Our Ministry of Health has become a legend in its own right at announcing committees and investigations, most of which never end or lead to meaningful implementation of recommendations. Indeed that Ministry has launched more probes than the Russian space programme but the problems persist and in some cases are worsening.

There is an almost complete absence of accountability in the health sector; often the medical fraternity protects itself, and the policy-makers view the negatives in the sector as a personal liability and predictably end up functioning in the role of public relations artiste and cover-up specialist.
We must not overlook the link between staff morale and improved outcomes.

Far too many of our health care providers are retained in demotivating and highly tenuous arrangements by the state, and workplace distress and victimisation, uncertainty over renewal of contracts, chronic staff shortages, experienced midwives feeling underutilised, substandard equipment and abysmal working conditions contribute to an environment in which service providers may not give of their best, with potentially serious consequences for service receivers.

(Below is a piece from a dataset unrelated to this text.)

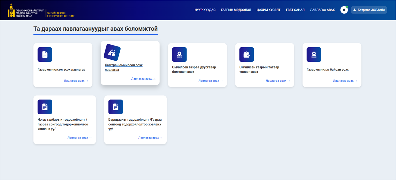 Шилжүүлэх гэж буй газраа идэвхжүүлэн газар эзэмших эрхийг бусдад шилжүүлэх хэсгийг сонгон хүсэлт өгөх хэсгийг сонгоно.

At the end of the day we are left with a nation in which many deeply distrust the system of health care upon which they depend. This has created the perfect environment for suspicion, for the unreasonable assumption of neglect in all hospital deaths and negative outcomes, and for increasing tension between client and provider.

Some would take comfort in the suspension of 3 doctors related to a recent case of maternal death under the TRHA. On the face of it we should welcome the removal of those being investigated from the scene of the alleged wrongdoing so that they would be less likely to influence witnesses, manipulate files and other evidence, or repeat the transgressions pending the conclusion of such investigations.

Those among us who have been paying attention should be forgiven however for wondering firstly whether accountability really is the objective of such investigations, and secondly whether our Ministers and senior public servants would one day be treated in like manner when accused of letting down the public’s trust.